Emilio Izaguirre has opened up on his second spell at Celtic - revealing he played most of the season on medication and trained on 'one leg' to work through the pain barrier.

The Honduran left-back was re-signed by Brendan Rodgers in 2018 after a stellar seven years at Parkhead under Neil Lennon and then Ronny Deila. A twist of fate he still regards as a blessing.

An incredible 11 trophy haul as well as player of the year awards during his first stint, the 34-year-old could not have asked for much more before his departure. However, after returning from a dismal stretch in Saudi Arabia, the defender was never able to recapture his form in Glasgow.


Having broke his ankle all the way back in 2011, the injury was finally beginning to catch up with the fan favourite. He suffered through numerous games thanks to injections in order to step-up for the club he had come to love. And he recalls one moment in particular - his final Hoops appearance in the Europa League against Valencia - where he knew he was in big trouble.

"That season I was playing in the team when Kieran Tierney was out injured," Izaguirre told Herald and Times Sport. "But then I got injured against Hibs and, in my last game for Celtic against Valencia, I played with anti-inflammatory to try and get through the game with an ankle injury.

"During the Valencia game I remember I couldn’t attack or go forward without breaking through the pain barrier, and that’s something the fans didn’t know. So many people who didn’t even see me play crucified me for that game and, mentally, it was torture. Physically I could deal with playing badly, but mentally it killed me for a long time.
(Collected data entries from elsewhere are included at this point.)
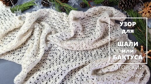 👍 АВТОРСКИЙ Узор для БАКТУСА или ШАЛИ из КОЗЬЕГО ПУХА крючком. Подробный МК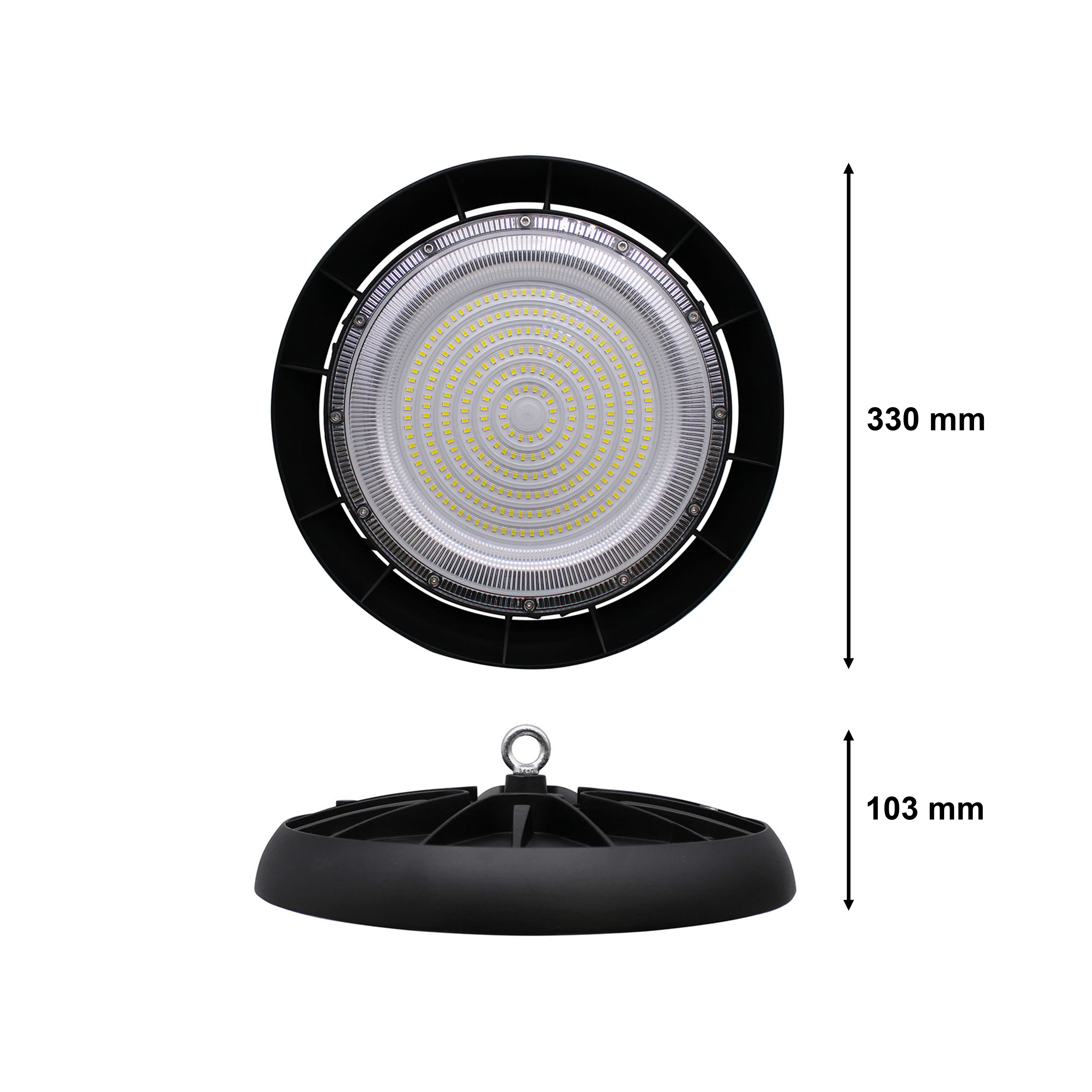 Applicazioni: officine, magazzini, capannoni industriali, supermercati, parcheggi sotterranei, stabilimenti, grandi magazzini, distributori di benzina, centri sportivi, fabbriche, espositive, palestre e altri luoghi con soffitti particolarmente elevati, dove è necessaria un'illuminazione di qualità per migliorare il comfort visivo e la sicurezza sul lavoro.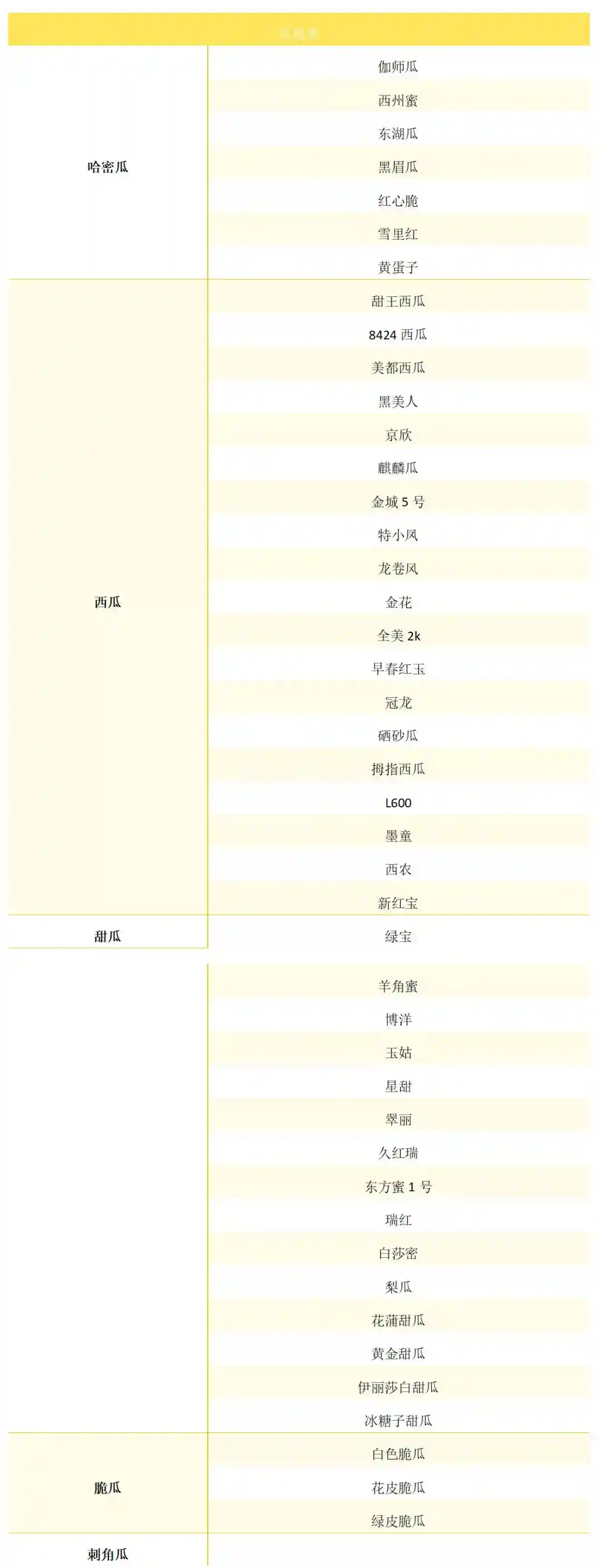 瓜果类水果的主要特点在于:果皮在老熟时会形成坚硬的外壳表皮,常见的瓜果类水果有:各种哈密瓜、西瓜、甜瓜、脆瓜、刺角瓜等。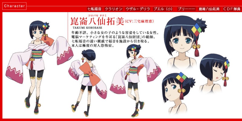 Teixeira [홍각의 판도라] 코로바세 타쿠미 설정화 [애니] 작성일시 : 2016. 01. 26 (19:01) 조회 : 3,399 / 댓글 : 0 코로바세 타쿠미 (CV 미야케 마리에) 연령 불명. 작은 여자 아이 같은 모습을 하고 있는 여성. 전뇌 마케팅을 좌지우지하는 <곤륜팔선재단> 의 총수. 나나코로비 네네의 먼 친척 아주머니로, 네네를 시설에서 데려와 떠맡았다. 본인은 극도의 대인 공포증을 앓고 있다. 출처(링크) : http://bbs2.ruliweb.daum.net/gaia/do/ruliweb/family/1360/read?articleId=1969128&bbsId=G003&itemId=15&pageIndex=1 1추천 글쓰기스크랩 신고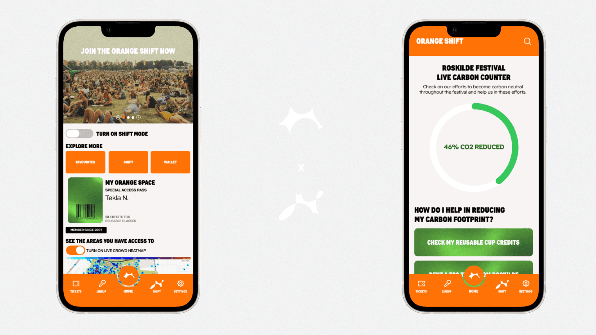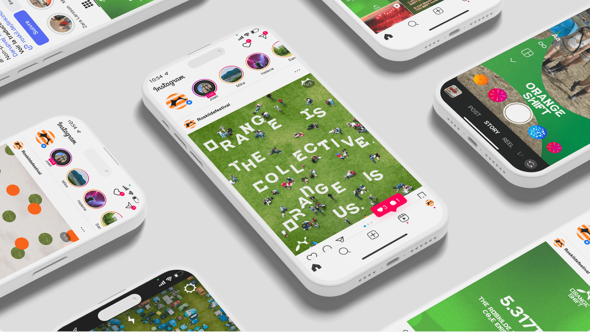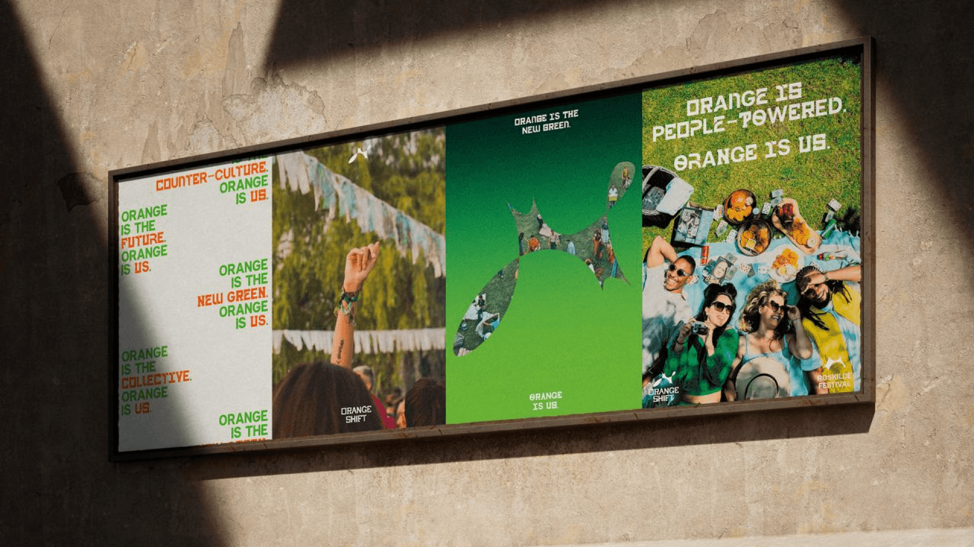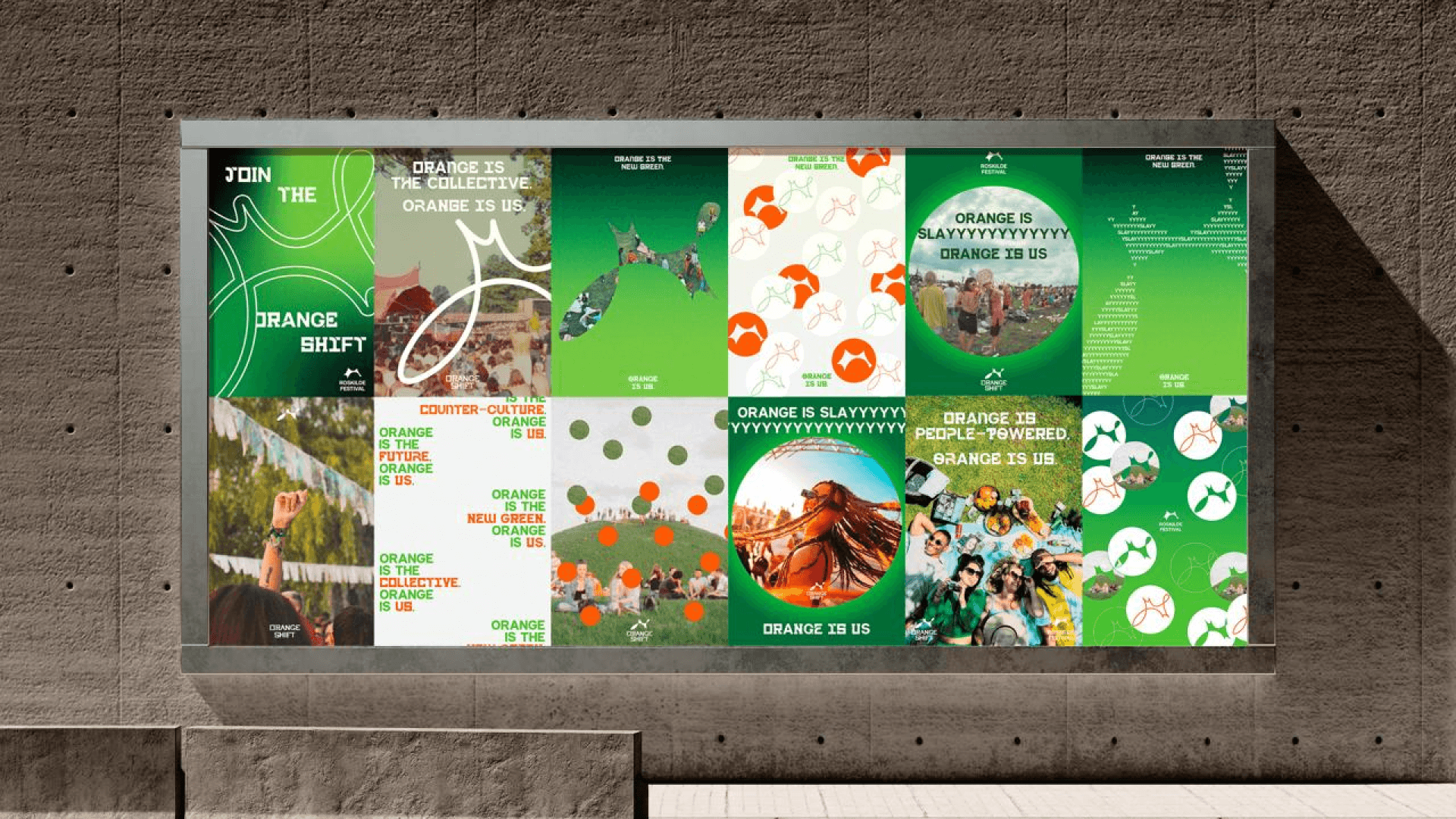 The Orange Shift is a campaign designed to help Roskilde Festival become carbon neutral by 2028. Using custom typography created by our team, we created a campaign that integrates seamlessly into the festival to allow the visitors help RF achieve their goal. The campaign consists of a number of marketing touchpoints, physical wayfinding and scenography, website and app additions while keeping the essence of Roskilde Festival consistent.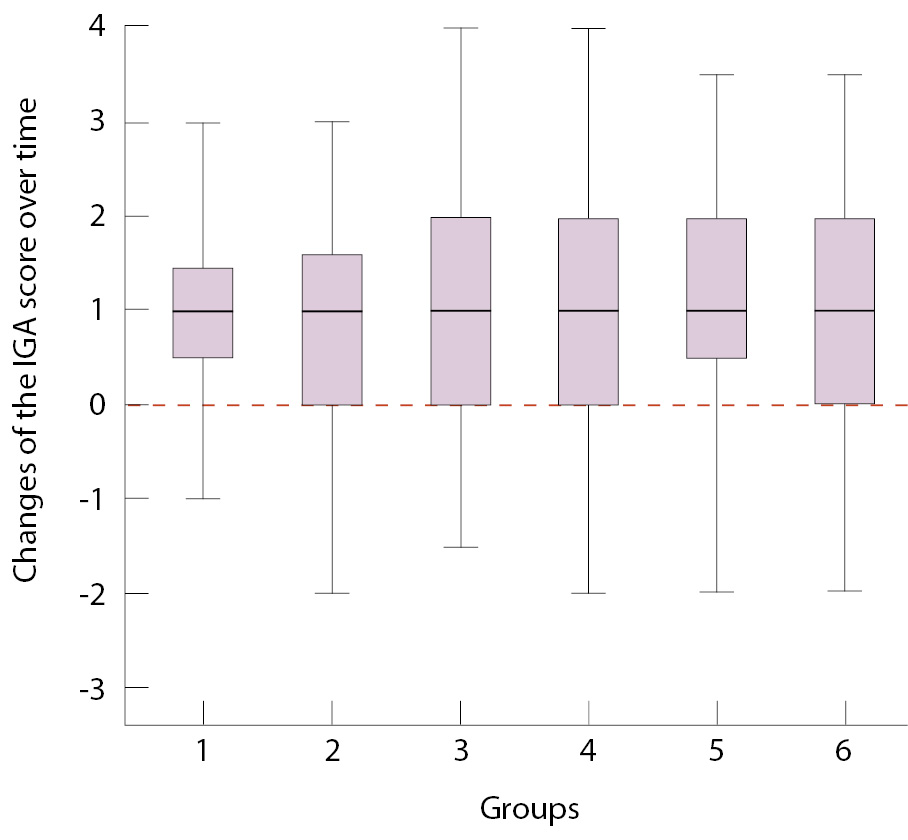 ** Статистическая значимость изменения показателя IGA в различных группах (критерий Краскела – Уоллиса)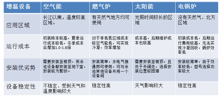 在泳池增溫系統(tǒng)中主要用到太陽(yáng)能、空氣能、商用燃?xì)忮仩t、電鍋爐四種增溫設(shè)備
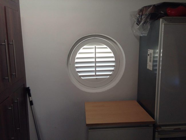 A larger circular window in Henbury, with hidden control rods & central hinges to provide simple access to the window!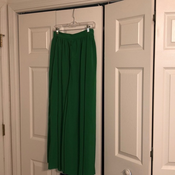 Long high waisted maxi skirt. Skirt is a XS but can definitely fit a small. Skirt is very long. Only worn once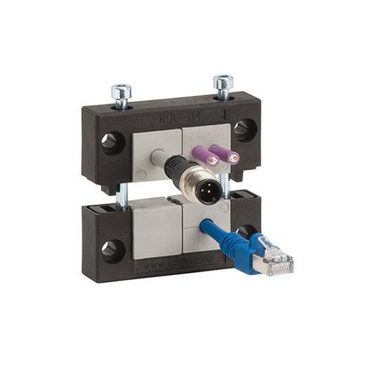 Die dem Leitungsdurchmesser entsprechende KT Kabeltülle wird um die Leitung gelegt und in die Kabeleinführungsleiste eingesetzt. Leitungen von 1 bis 35 mm Durchmesser können eingeführt, abgedichtet und zugleich gemäß DIN EN 62444 zugentlastet werden.
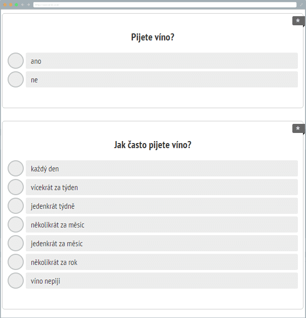 Máte pravdu. Na první otázku již odpovídá otázka druhá, protože ten, kdo nepije víno zvolí odpověď „víno nepiji“, ostatní vyberou jinou odpověď. Ušetříme tak celou otázku. V mnoha případech se dá podobným postupem dotazník zredukovat i o čtvrtinu otázek.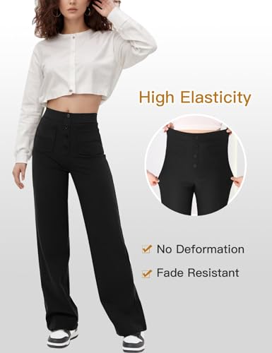 • [Unique Design]: Flexipants are a high-waisted design with four decorative buttons, two pockets on the front and back for easy storage, elastic waistband. The pockets give the pants a unique detail while still looking professional enough for work. Straight leg designs for that slim-looking, elongated figure. Work pants women, bloomydove flexipants, full length.
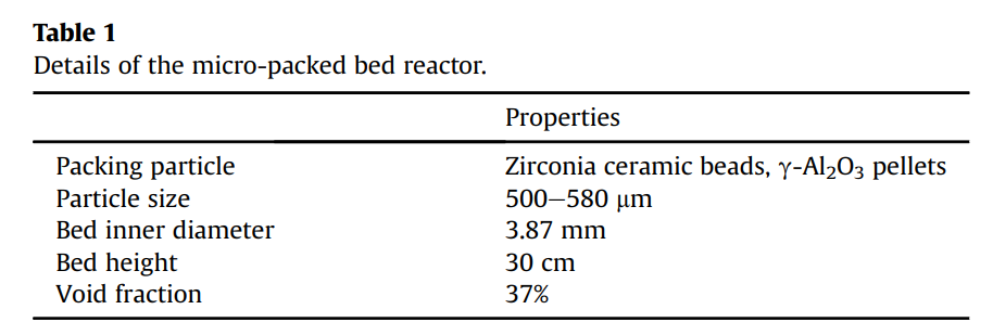 mPBR出口的氣液混合物被收集在一個帶塞的瓶子里,在這個瓶子里進行氣相和液相的分離。未反應臭氧由臭氧監測儀測量,很終通過臭氧破壞部分破壞。當臭氧被破壞時,99.9%的臭氧轉化為氧氣(表S1)。采樣時,切換三通球閥采集液體樣品。樣品采集后立即測量污染物和COD的去除率,與24 h后測量的去除率變化不大,在11.2%的范圍內。因此,未反應臭氧對污染物和COD的去除沒有影響。微填料床反應器的詳細情況如表1所示。反應器管由不銹鋼制成,長30厘米,內徑3.87毫米。將尺寸為500e580 mm的球形氧化鋯陶瓷珠或g-Al2O3球團裝入管中,孔隙率為0.37。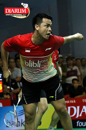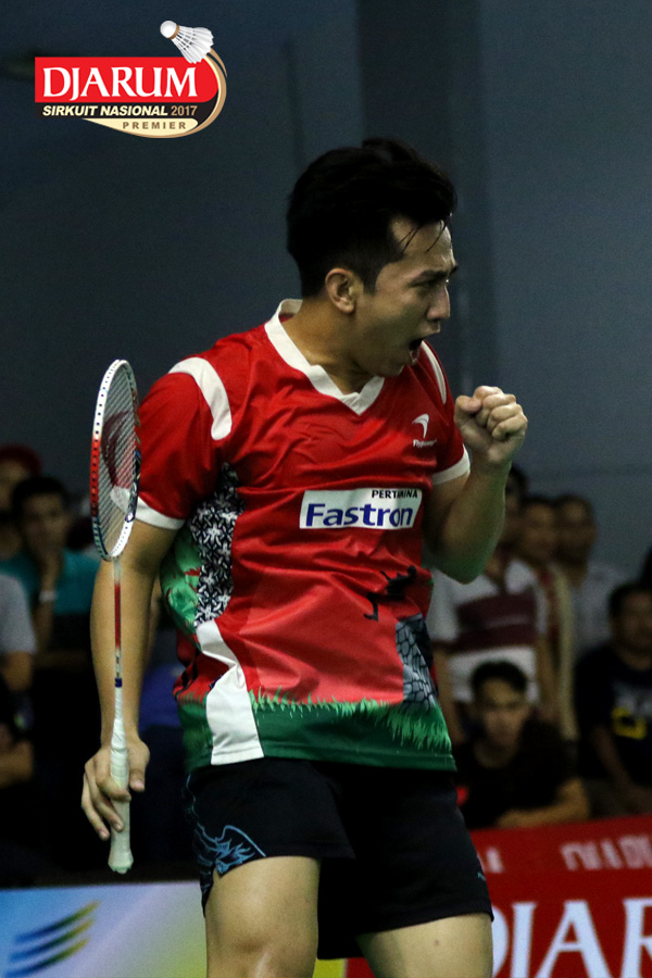 Selebrasi Rizko Asuro (Pertamina Fastron) Mengembalikan Shuttlecock

"I took pain medication for the inflammation because I wanted to play that game at Celtic Park. I knew it was my last season with the club. As a result, when Lennon returned to the club as manager, I was effectively playing with one foot.

"For the last four months of the season from February when I got injured against Hibs until May, I was in a lot of pain with my ankle, so I was playing and training on one leg. I had to take medication, and every day for four months I had to ice my ankle.


"Celtic told me that they would help me get an operation on it, but Honduran medics said it wasn’t necessary as it was something that would my body would be able to heal with rest. I wasn’t able to make a comeback in case it worsened it and it affected my training. I was taking medication, in pain from even walking and the injury was something that caused a lot of pain and frustration.

"When Brendan Rodgers left and Lennon returned, he gave me the opportunity, but I don’t remember the last game I was actually available to play in due to the problem with my ankle. It is what it is. I have so much good things to say about Celtic, and I have lots of love and respect for Lennon."

Izaguirre's Celtic career coming to an end coincided with the rapid rise of Kieran Tierney in green and white. And he admits he could see straight away the young Scot was a contender to the throne.

Already a Hoops legend in his own right, Izaguirre understood the power of competition at left-back. That friendly rivalry would only help Celtic as a whole. So there was never any animosity for the young up-start. In fact, it was quite the opposite. Any advice or knowledge Izaguirre could pass down, he would. So there is a sense of pride in the Honduran's mind watching his old pal now star in an Arsenal shirt, £25million later.

"Kieran is exceptional," he said. "One of the best players at Celtic. Kieran has natural talent. He is fast, strong and powerful. It was great to train with him, but of course there was a competition.


"Between us, there was never any envy, I never had any negative feelings towards him. I never had any problems with him due to the fact I wasn’t playing. That’s just football. He’s a boy who was a fan, who wanted to be the best and to always play well.

"I always wish him the best and I still see him on TV and want him to do well. He left Celtic as one of the best young players in the UK and I hope he becomes one of the best full backs in the world at Arsenal."

Tierney may have been the top prospect at Parkhead, but in terms of best professional, Izaguirre holds another in the highest esteem. "The absolute best is Scott Brown," he concluded. "His career is so impressive, he has played for so long at such a high level and he has maintained that standard even at 35-36 years old. He is superb in training."